Разница путинской и медведевской эпох состоит в том, что сегодня никакая технократия не может держаться на принципах «машинного» политического производства, то есть на представлении об автоматически самоорганизующихся институциональных системах. Образцовой «машиной» такого рода в эпоху собственного правления был сам Путин. Его относительный уход в тень символизировал срастание технократии с биополитикой, когда наиболее эффективные способы управления строятся на признании управляемого объекта не механизмом (пусть даже и очень сложным), а живущим по своим законам и ритмам «телом». Менеджмент, основанный на инставрационной методологии взращивания органических связей, оказывается не в пример успешнее менеджмента, наследующего ленинско-сталинскую идеологию людей-винтиков, живущих в обществах-фабриках. И дело совсем не в том, что такой менеджмент «гуманнее», а в том, что он не в пример более продуктивен. Пресловутая гуманизация управленческих технологий в огромное количество раз повышает отдачу от политического производства.
Роль образования в осуществлении такой гуманизации невозможно переоценить. Функциональность бюрократии измеряется отныне не ее общеуправленческой компетенцией в целом, а суммой отраслевых управленческих навыков.

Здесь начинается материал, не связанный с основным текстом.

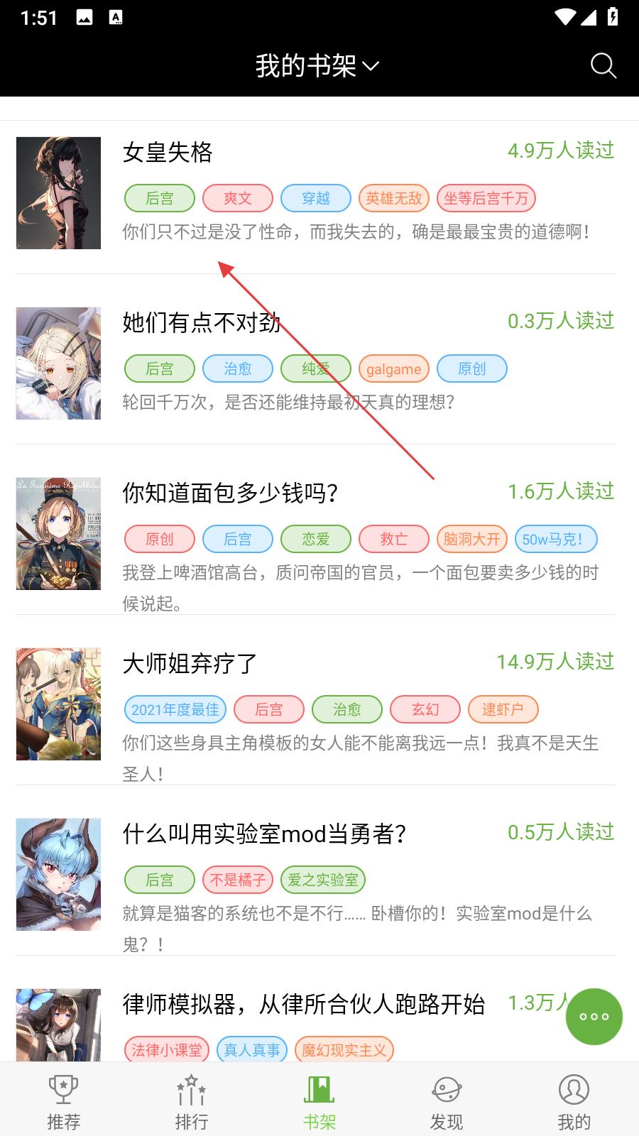 2、进入我的书架页面,能看到女皇失格、她们有点不对劲等小说,点击感兴趣的小说,进入书籍详情页面。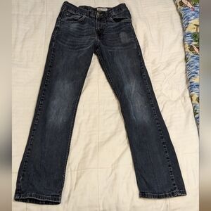 Wrangler dark blue almost off black slim straight jeans size 29 X 30. please have a single button and zipper closure. two front pockets, coin pocket, and two back pockets. the tag is not in great shape with the jeans are in good condition. my 14 year old just grew 3 inches so I have a few pairs of jeans in my closet in similar sizes and styles. I offer 50% off of any bundle of two items or more so bundle and save

Современный менеджмент основан на эмерджентном, а не кумулятивном подходе к управлению. Данный подход строится не на совпадающем со статусным ростом приращении управленческого опыта, а на превращении самого управления в опыт.[34] Успех административной деятельности измеряется сегодня умением действовать в сложных ситуациях, готовностью к риску и игровой активности, пониманием неизбежной непредсказуемости социальных процессов. Владение антикризисными методиками администрирования превращается в повседневный навык управленца, что имеет, конечно, и свои издержки, поскольку с соответствующими мерками начинают подходить к решению любой возникающей проблемы.
В образовании на смену советской идеологии политехнического образования пришла идеология отраслевой образовательной технократии. Ее принципиальной ставкой является представление о том, что ценность образования находится в зоне ведения не универсальной, а корпоративной этики, которая выступает законной наследницей первой в эпоху неотехнократического реванша. Пафос современной корпоративной этики основан на виртуозной подмене универсальных ценностей общезначимыми в рамках корпорации интересами.[35] Роль образования в процессе трансформации интересов в ценности еще предстоит оценить, хотя уже сейчас ясно, что именно усвоение корпоративных интересов в ходе реализации отраслевого подхода к обучению есть необходимое условие описанной подмены.